Director: Danny DeVito
Writer: Adam Resnick
Producers: Andrew Lazar, Peter MacGregor-Scott
Unfortunately, not everyone else in the film is as interesting. DeVito plays a decent shifty agent and Catherine Keener is fine as the producer who starts off as a mega-bitch, but ultimately chills out, but the rest of the characters (and there are a-plenty) didn’t really bring much to the table. As for Robin Williams, aaaaaaaaaah, well…let me tell you that I used to be a fan of this guy until he pushed his “over-the-top” shtick too far. In this film, his character is nothing but over-the-top, manic, spitting words out at 1000 miles per hour, and yet, even though I didn’t appreciate most of his hoopla, he does ultimately come through with enough funny one-liners, to make up for his lack of character development (he’s basically just a “nut” with zero background-thankfully he’s really not all that prominent in the film). Williams also gets to spew enough swear words in this film to make up for any that he might’ve missed in all of his other movies put together. And that’s another cool thing about this movie…it really doesn’t hold back! Yes, there’s a scene that features a “cock cookie” being pulled out before the kids. Yes, there’s a scene in which a man dressed up as a children’s animator gets two bullets in the head, and yes, Nazis ultimately make their way into the world of Smoochy. The flick moves quickly, tosses out plenty of potshots and features an intertwining plotline that asks for quite a bit of attention from its viewer.

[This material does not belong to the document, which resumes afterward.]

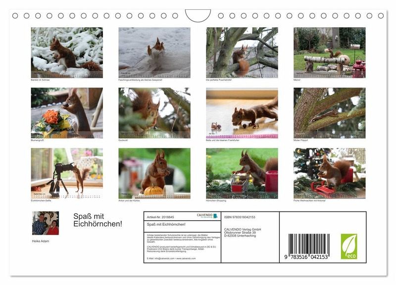 QUALITÄT - Hochwertiger Fotokalender mit 12 wunderschönen Motiven auf lichtbeständigem Bilderdruckpapier, robuste Spiralbindung mit Aufhängebügel.NACHHALTIG - deutliche Abfallreduzierung durch bedarfsgerechte Einzelstückfertigung, umweltfreundliches FSC-zertifiziertes Papier, Produktion in Deutschland, klimabewusste Logistik.PERFEKTES GESCHENK - Kalender für Freunde und Familie, für Kinder und Erwachsene, jung und alt, zu Weihnachten, Geburtstag oder zwischendurch.VIELFALT - Bildkalender in verschiedenen Formaten, z.B. DIN A5, DIN A4, DIN A3 sowie DIN A2. Ob Naturmotiv, Gemälde oder Fotos, ideal für ein persönliches Wohlfühlambiente.Eichhörnchenfotografie, der Jahreszeit entsprechend lustig in Szene gesetzt. von Autor(in): Heike Adam

Which is where my biggest problem with the film lay. The plotline is overly busy at times and redundant, Williams’ character seemed to have way too much “freedom” for a nutjob and things ultimately ran a little long and weren’t as inspired, as I would have hoped. Less plot, more characterization, less of that really, really annoying character who only screamed as a motivation, might’ve made the film that much better. Buuuuuuut, it’s not every day that you walk into a film whose main plotline revolves around a children’s TV show being surreptitiously run by an organized crime syndicate. A very unique premise, an infectious performance by Ed Norton, plenty of fun dialogue, kooky songs and bright colors make for a groovy black comedy, with unfortunate faults which I for one…was willing to forgive. So do you want the Death of Smoochy?